Task requirements ▸
Using the listing below, retype exactly the lines starting at the one with "Hledáme zdravotní sestru/administrativní" and ending at the one with "H&M Adorables. Платье", and include both.

Exercise materials ▸

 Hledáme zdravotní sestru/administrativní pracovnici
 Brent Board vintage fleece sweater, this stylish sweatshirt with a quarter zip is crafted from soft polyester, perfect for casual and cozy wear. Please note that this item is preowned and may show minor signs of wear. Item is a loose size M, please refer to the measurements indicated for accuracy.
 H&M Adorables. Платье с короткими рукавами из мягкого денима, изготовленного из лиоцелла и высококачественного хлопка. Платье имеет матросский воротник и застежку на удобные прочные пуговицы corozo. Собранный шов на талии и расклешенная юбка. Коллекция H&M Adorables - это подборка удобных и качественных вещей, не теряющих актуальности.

...

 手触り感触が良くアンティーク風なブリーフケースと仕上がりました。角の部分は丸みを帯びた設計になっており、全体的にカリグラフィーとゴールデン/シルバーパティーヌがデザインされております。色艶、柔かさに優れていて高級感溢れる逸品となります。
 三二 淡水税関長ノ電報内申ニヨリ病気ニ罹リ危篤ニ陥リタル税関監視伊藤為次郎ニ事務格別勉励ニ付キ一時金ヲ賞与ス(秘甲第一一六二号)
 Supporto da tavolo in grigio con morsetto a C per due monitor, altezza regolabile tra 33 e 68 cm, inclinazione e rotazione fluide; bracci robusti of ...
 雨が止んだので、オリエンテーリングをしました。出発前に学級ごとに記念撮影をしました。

Written reply ▸
 Hledáme zdravotní sestru/administrativní pracovnici
 Brent Board vintage fleece sweater, this stylish sweatshirt with a quarter zip is crafted from soft polyester, perfect for casual and cozy wear. Please note that this item is preowned and may show minor signs of wear. Item is a loose size M, please refer to the measurements indicated for accuracy.
 H&M Adorables. Платье с короткими рукавами из мягкого денима, изготовленного из лиоцелла и высококачественного хлопка. Платье имеет матросский воротник и застежку на удобные прочные пуговицы corozo. Собранный шов на талии и расклешенная юбка. Коллекция H&M Adorables - это подборка удобных и качественных вещей, не теряющих актуальности.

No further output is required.